** Opening INFORMATION GIVEN block **

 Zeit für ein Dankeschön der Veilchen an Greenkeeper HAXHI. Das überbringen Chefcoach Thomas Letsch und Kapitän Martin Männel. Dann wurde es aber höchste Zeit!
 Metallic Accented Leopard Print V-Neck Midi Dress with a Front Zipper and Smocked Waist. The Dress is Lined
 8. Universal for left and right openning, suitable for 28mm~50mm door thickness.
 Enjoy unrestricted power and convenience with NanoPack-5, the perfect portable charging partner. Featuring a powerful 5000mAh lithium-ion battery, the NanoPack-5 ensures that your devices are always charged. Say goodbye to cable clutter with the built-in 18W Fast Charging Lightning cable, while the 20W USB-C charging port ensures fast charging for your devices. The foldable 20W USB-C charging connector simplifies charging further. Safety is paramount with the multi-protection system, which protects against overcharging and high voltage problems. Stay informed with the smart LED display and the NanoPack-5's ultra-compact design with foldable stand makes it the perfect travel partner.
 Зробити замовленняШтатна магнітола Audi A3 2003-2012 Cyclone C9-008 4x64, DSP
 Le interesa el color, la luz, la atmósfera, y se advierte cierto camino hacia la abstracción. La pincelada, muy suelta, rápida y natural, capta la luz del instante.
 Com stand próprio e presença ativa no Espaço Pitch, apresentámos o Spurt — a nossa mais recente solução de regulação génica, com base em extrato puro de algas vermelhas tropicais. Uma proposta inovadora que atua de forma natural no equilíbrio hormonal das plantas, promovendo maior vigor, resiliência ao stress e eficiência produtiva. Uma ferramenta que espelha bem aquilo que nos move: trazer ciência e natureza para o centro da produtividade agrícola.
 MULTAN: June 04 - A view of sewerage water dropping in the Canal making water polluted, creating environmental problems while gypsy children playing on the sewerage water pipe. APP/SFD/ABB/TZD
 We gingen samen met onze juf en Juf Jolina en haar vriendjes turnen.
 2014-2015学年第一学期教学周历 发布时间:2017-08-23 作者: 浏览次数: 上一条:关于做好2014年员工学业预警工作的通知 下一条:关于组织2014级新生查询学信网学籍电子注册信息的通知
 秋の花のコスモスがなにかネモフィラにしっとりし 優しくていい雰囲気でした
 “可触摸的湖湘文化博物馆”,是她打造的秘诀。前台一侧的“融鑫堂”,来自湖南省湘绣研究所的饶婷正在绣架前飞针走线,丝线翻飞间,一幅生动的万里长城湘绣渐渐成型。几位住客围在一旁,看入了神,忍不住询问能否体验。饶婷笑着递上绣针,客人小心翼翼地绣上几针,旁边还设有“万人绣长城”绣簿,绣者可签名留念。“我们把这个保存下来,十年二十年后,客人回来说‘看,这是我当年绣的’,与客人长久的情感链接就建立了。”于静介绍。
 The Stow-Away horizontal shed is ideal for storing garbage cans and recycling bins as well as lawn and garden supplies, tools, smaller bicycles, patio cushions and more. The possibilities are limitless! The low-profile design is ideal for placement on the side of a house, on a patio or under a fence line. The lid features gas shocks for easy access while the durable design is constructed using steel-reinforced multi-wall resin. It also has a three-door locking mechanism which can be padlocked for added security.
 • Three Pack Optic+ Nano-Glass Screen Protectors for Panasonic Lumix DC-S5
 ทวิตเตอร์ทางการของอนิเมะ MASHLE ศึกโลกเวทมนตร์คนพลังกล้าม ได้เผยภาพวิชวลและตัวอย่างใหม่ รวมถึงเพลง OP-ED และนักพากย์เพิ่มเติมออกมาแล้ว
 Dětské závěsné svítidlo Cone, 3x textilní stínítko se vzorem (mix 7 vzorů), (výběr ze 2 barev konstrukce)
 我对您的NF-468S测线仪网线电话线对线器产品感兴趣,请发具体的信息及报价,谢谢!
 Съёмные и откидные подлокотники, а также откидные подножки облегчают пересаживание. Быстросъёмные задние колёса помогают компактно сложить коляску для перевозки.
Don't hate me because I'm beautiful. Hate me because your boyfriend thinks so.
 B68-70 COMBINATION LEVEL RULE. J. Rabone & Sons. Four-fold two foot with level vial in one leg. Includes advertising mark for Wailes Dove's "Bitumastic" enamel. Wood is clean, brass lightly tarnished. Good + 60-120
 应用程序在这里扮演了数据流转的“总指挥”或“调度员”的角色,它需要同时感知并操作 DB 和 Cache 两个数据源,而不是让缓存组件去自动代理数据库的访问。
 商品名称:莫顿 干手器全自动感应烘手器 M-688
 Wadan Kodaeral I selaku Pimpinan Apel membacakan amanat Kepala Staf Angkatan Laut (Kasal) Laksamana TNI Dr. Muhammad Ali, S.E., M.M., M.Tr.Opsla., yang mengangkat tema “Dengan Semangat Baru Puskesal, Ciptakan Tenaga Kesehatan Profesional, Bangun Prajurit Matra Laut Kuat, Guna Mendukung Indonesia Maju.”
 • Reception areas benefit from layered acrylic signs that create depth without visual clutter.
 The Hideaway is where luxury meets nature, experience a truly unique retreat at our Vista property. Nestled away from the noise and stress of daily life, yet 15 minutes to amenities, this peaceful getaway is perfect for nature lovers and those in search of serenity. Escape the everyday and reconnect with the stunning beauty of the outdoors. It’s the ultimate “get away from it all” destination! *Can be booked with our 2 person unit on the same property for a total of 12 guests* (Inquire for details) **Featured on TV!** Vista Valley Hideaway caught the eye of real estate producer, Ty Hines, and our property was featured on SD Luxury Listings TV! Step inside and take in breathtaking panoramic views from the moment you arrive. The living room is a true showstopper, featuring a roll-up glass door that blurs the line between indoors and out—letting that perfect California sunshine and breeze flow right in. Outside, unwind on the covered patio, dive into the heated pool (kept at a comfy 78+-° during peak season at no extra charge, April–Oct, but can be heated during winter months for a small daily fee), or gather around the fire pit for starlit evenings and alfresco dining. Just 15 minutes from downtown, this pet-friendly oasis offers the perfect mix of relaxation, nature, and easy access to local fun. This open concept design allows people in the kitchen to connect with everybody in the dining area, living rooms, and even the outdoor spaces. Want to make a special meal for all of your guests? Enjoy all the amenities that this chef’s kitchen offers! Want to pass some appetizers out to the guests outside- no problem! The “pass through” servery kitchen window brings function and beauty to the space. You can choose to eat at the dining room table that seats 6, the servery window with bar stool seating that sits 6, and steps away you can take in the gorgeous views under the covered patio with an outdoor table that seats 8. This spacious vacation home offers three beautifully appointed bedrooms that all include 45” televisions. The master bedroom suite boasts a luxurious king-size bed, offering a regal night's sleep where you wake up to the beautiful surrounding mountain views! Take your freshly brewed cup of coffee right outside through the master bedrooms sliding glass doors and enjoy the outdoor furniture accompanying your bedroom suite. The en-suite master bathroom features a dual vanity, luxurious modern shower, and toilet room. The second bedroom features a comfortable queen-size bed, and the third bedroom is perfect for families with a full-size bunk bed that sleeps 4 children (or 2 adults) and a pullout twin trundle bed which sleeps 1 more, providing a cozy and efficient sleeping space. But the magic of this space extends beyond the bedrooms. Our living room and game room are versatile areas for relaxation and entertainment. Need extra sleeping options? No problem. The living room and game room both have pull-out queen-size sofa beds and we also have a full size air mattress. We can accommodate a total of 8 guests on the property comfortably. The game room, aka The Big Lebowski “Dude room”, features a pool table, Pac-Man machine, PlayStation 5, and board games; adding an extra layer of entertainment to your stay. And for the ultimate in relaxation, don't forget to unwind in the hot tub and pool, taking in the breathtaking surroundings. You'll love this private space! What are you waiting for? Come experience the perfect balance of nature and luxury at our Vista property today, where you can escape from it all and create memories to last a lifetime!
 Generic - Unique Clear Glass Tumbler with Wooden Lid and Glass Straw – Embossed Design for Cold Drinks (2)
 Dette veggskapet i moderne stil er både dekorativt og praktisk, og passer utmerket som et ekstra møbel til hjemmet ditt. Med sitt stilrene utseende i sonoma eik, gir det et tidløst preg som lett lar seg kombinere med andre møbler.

** Closing INFORMATION GIVEN block **

* [WORK TO COMPLETE]:
Give only the lines from the one holding "Съёмные и откидные" through the one holding "without visual clutter.", each restated exactly as it appears above.

* [OUTPUT FOR THIS EXERCISE]:
 Съёмные и откидные подлокотники, а также откидные подножки облегчают пересаживание. Быстросъёмные задние колёса помогают компактно сложить коляску для перевозки.
Don't hate me because I'm beautiful. Hate me because your boyfriend thinks so.
 B68-70 COMBINATION LEVEL RULE. J. Rabone & Sons. Four-fold two foot with level vial in one leg. Includes advertising mark for Wailes Dove's "Bitumastic" enamel. Wood is clean, brass lightly tarnished. Good + 60-120
 应用程序在这里扮演了数据流转的“总指挥”或“调度员”的角色,它需要同时感知并操作 DB 和 Cache 两个数据源,而不是让缓存组件去自动代理数据库的访问。
 商品名称:莫顿 干手器全自动感应烘手器 M-688
 Wadan Kodaeral I selaku Pimpinan Apel membacakan amanat Kepala Staf Angkatan Laut (Kasal) Laksamana TNI Dr. Muhammad Ali, S.E., M.M., M.Tr.Opsla., yang mengangkat tema “Dengan Semangat Baru Puskesal, Ciptakan Tenaga Kesehatan Profesional, Bangun Prajurit Matra Laut Kuat, Guna Mendukung Indonesia Maju.”
 • Reception areas benefit from layered acrylic signs that create depth without visual clutter.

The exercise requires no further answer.